- [WHAT YOU SHOULD DO]
The answer must be an exact copy of the lines from the one containing "O Ministério da" through the last line of the records, with the pictures left out.

- [AVAILABLE RECORDS]
++++++++++

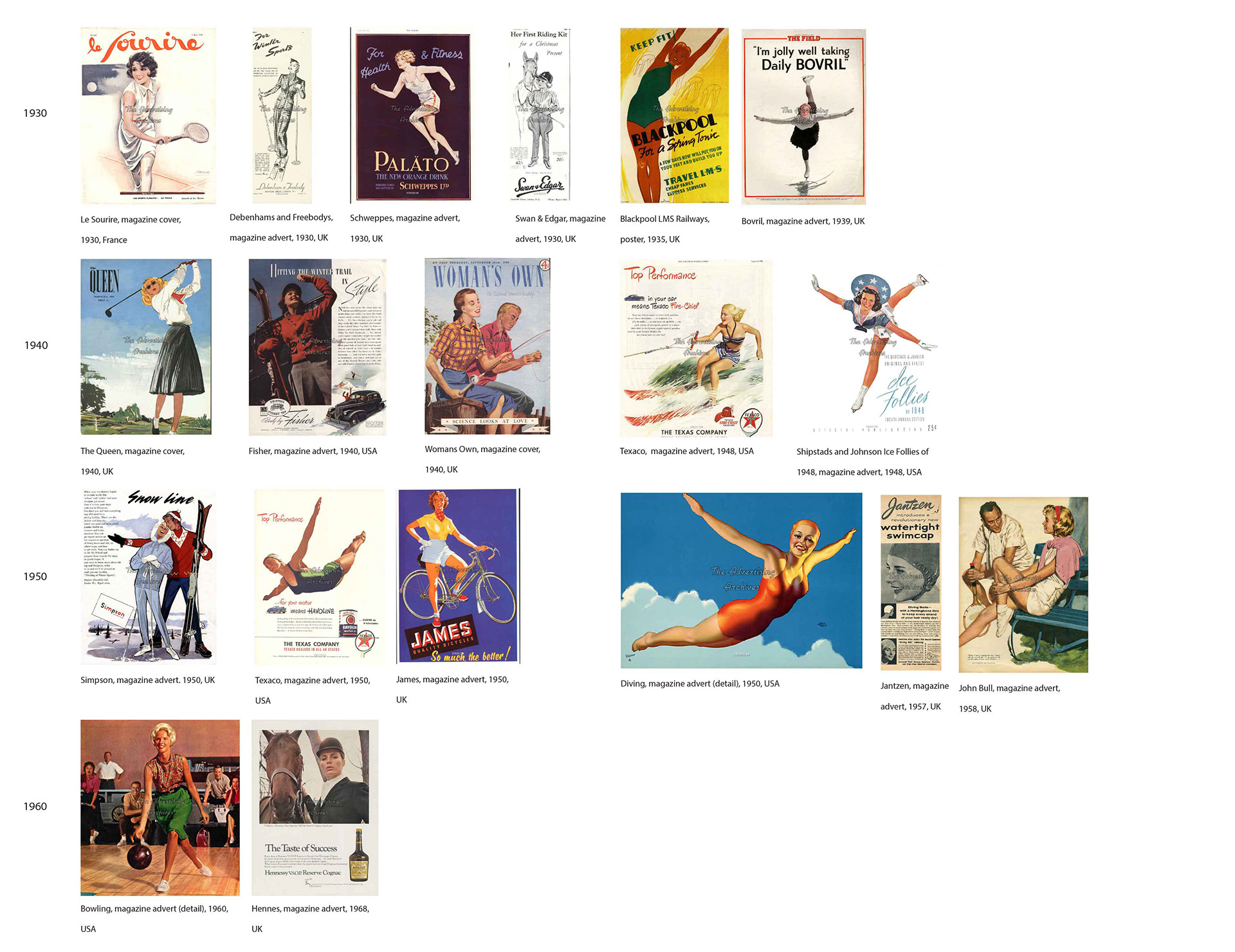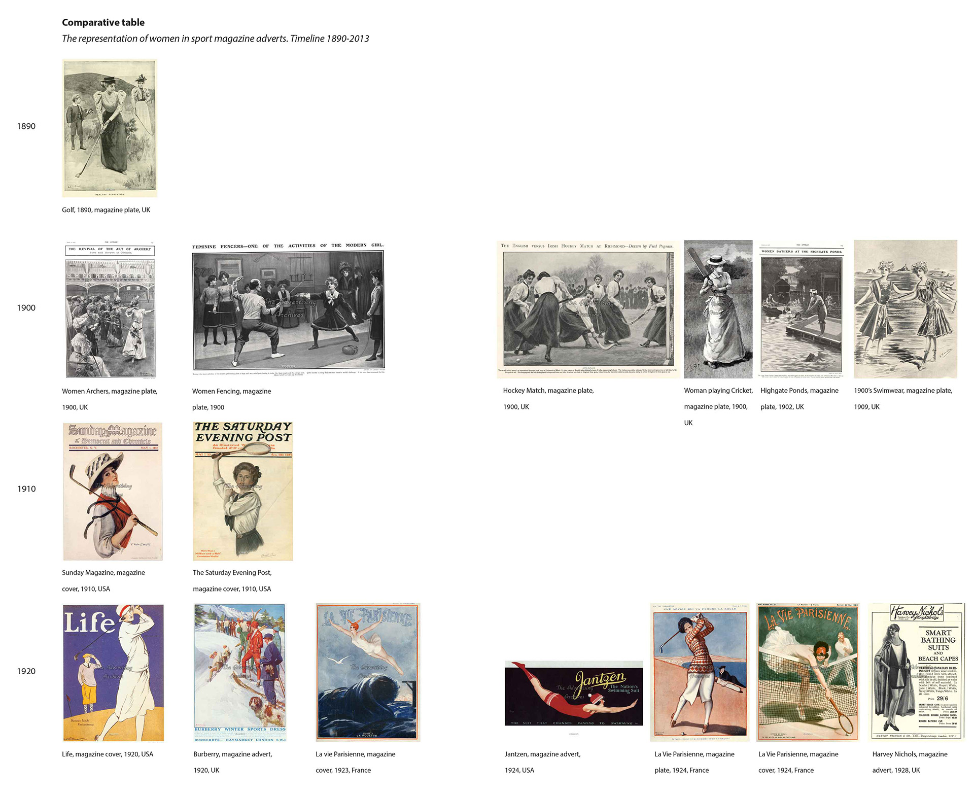 Las imágenes seleccionadas para el estudio y su posterior categorización no están asociadas a un orden cronológico. Aunque el estudio subraya los cambios en la forma en que se ha retratado a las mujeres en la historia, la categorización muestra cómo ciertas poses y el discurso detrás de ellas han permanecido en la mente de fotógrafos, publicistas y los receptores de sus contenidos.
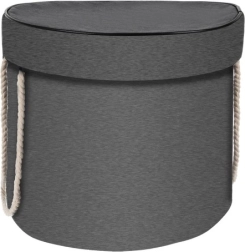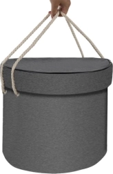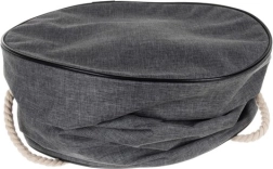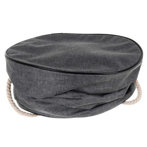 Благодарение на удобните въжени дръжки кошът се пренася лесно от стая в стая, на терасата или на пикник. Неутралният сив кош и жълто‑черната подложка пасват на всеки интериор.
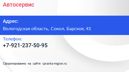 Автосервис по адресу Вологодская область, Сокол, Барское, 41 в дальнейшем Организация, размещена в следующих категориях:
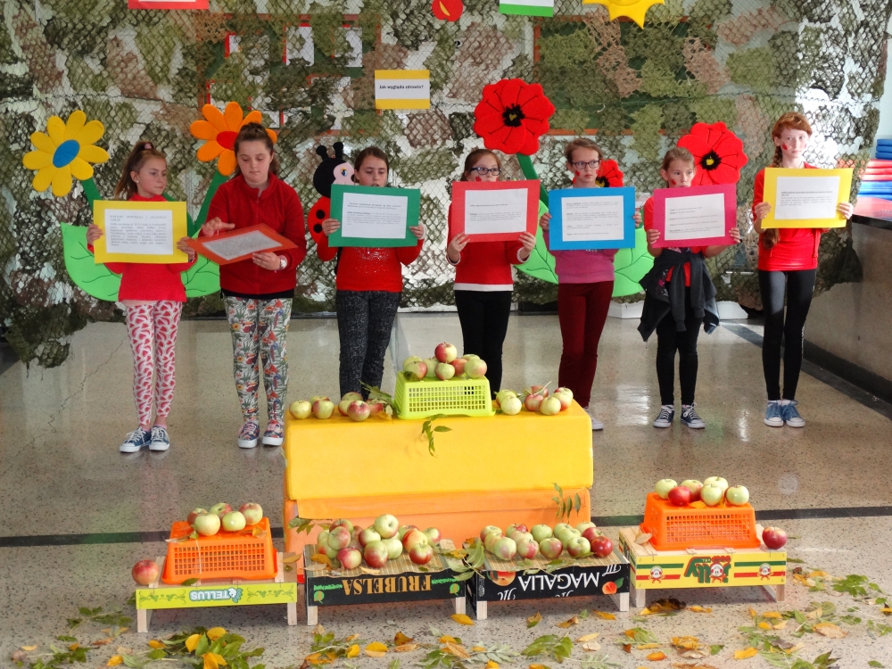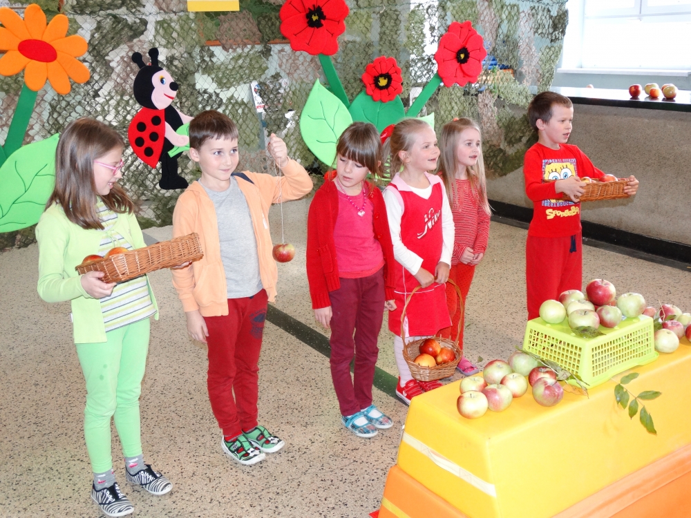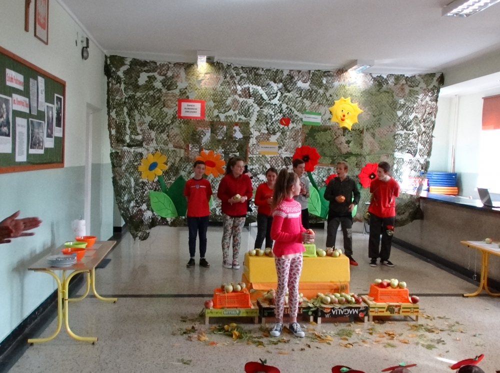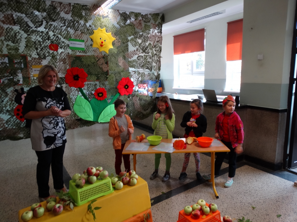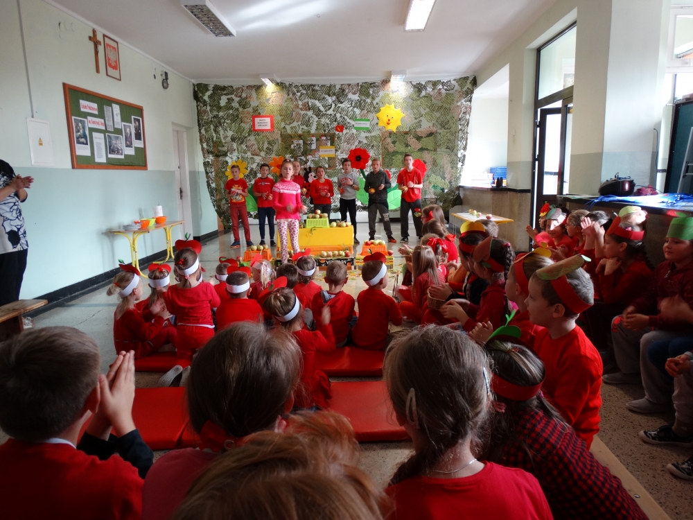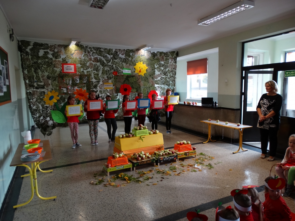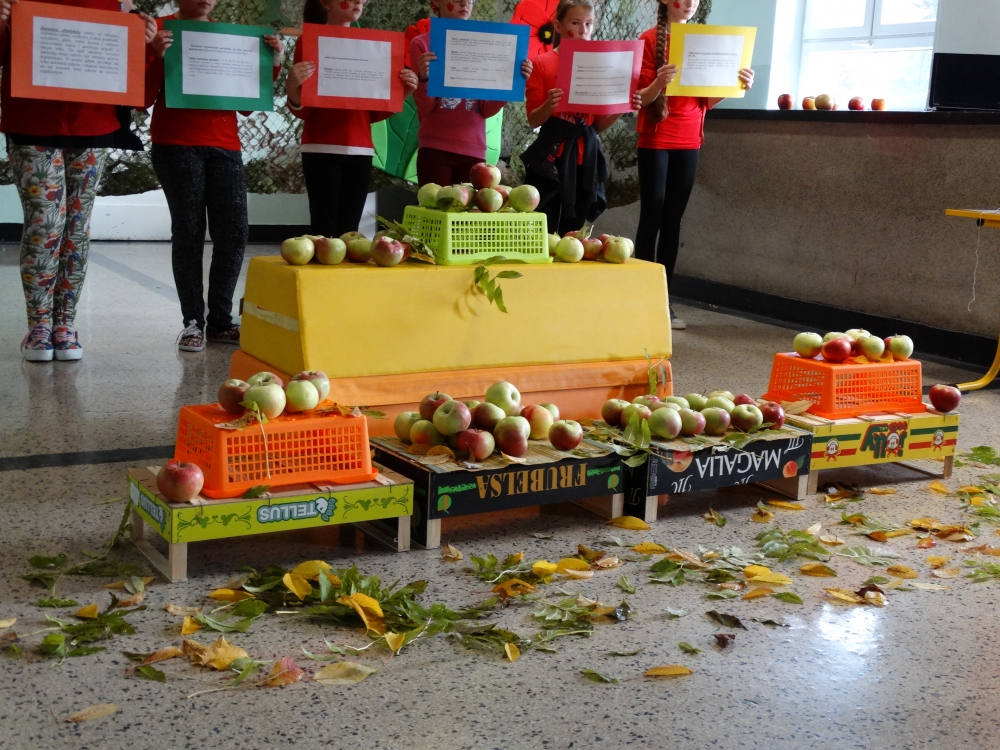 Tak o jabłuszku śpiewały dzisiaj dzieci podczas ŚWIĘTA RUMIANEGO JABŁUSZKA, które obchodziliśmy w naszej szkole z okazji ŚWIATOWEGO DNIA WALKI Z NADWAGĄ. Podczas spotkania uczniowie zaprezentowali przygotowane wiersze, rymowanki i piosenki o owocach oraz aktywnie uczestniczyli w konkursach i zabawach zręcznościowych. Każdy uczestnik miał możliwość poszerzenia wiedzy na temat walorów odżywczych i leczniczych jabłek. Wiemy, że jabłka są zdrowe. I zamiast chipsa, batonika, jabłuszko z koszyka!
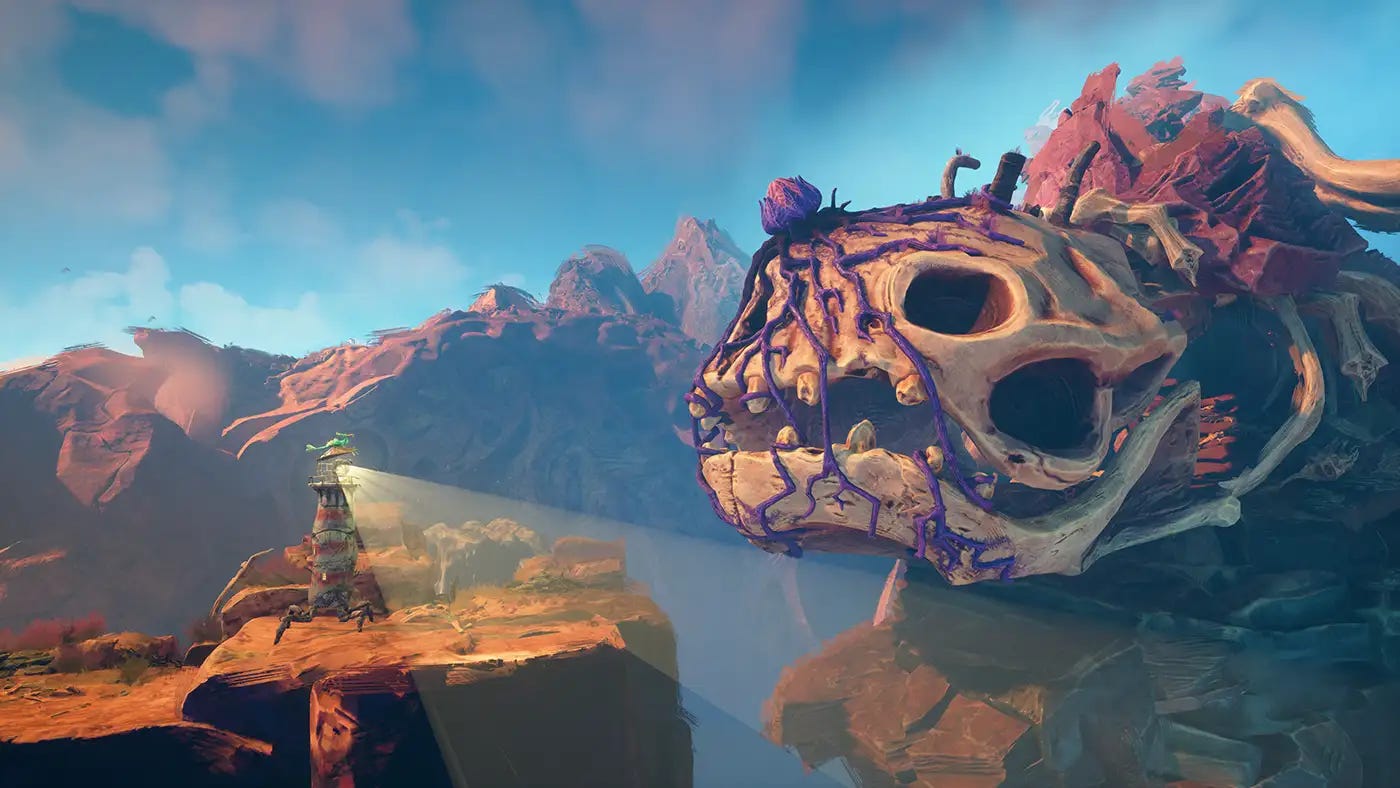 It’s easier said than done to explain what type of game Keeper actually is. Double Fine calls it a “puzzle adventure,” which is true, but that doesn’t fully capture the gameplay. A “surreal hiking simulator” might be more appropriate, but that’s too close to the oft disparaged “walking simulator.” Either way, hiking is one of Keeper’s core concepts. Project lead Lee Petty found inspiration during his treks at the height of the pandemic. As anyone who goes on hikes with any regularity will attest to, they’re not boring like “walking simulators”-detractors often try to make them out to be. Hikes, for many of us, are introspective, and, to me, that is what Keeper ultimately is. Introspective. That might not be a genre, but it should be: “Introspection,” sweeping the nation and returning us to some sort of normalcy, which, ultimately, is what Keeper is about. Moving forward while using your light to eradicate darkness.
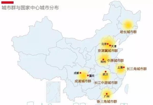 ▲城市群与国家中心城市分布图
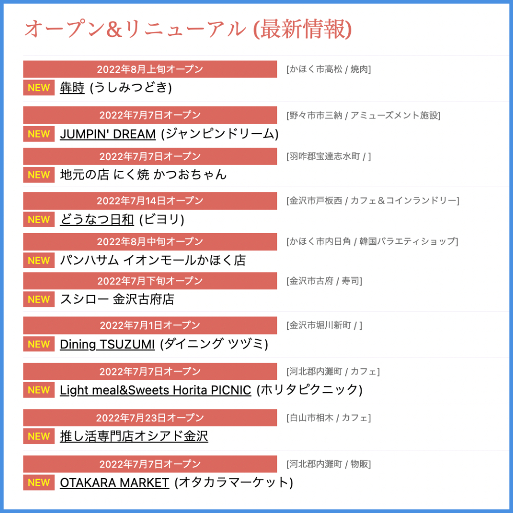【今週のNEWOPEN】7月の情報は20件!! 今話題の石川県内の新店情報はここでチェック☆
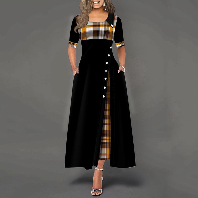 MCHPI Store Mid-Calf High Printed Elegant Tunic Pleated Midi Dress
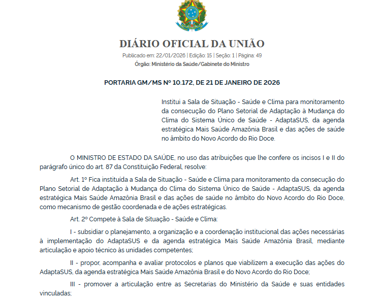 O Ministério da Saúde instituiu a Sala de Situação – Saúde e Clima, um novo mecanismo de gestão e monitoramento voltado ao acompanhamento das políticas de adaptação do Sistema Único de Saúde às mudanças climáticas. A medida foi oficializada por meio da Portaria GM/MS nº 10.172, publicada no Diário Oficial da União (DOU) desta quinta-feira (22/1).
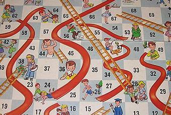 Un concours pour la gloire nous dit l'auteur, Didier Müller, qui propose un jeu mathématique basé sur le jeu de plateau serpents et échelles.

++++++++++

- [EXERCISE OUTPUT]
 O Ministério da Saúde instituiu a Sala de Situação – Saúde e Clima, um novo mecanismo de gestão e monitoramento voltado ao acompanhamento das políticas de adaptação do Sistema Único de Saúde às mudanças climáticas. A medida foi oficializada por meio da Portaria GM/MS nº 10.172, publicada no Diário Oficial da União (DOU) desta quinta-feira (22/1).
 Un concours pour la gloire nous dit l'auteur, Didier Müller, qui propose un jeu mathématique basé sur le jeu de plateau serpents et échelles.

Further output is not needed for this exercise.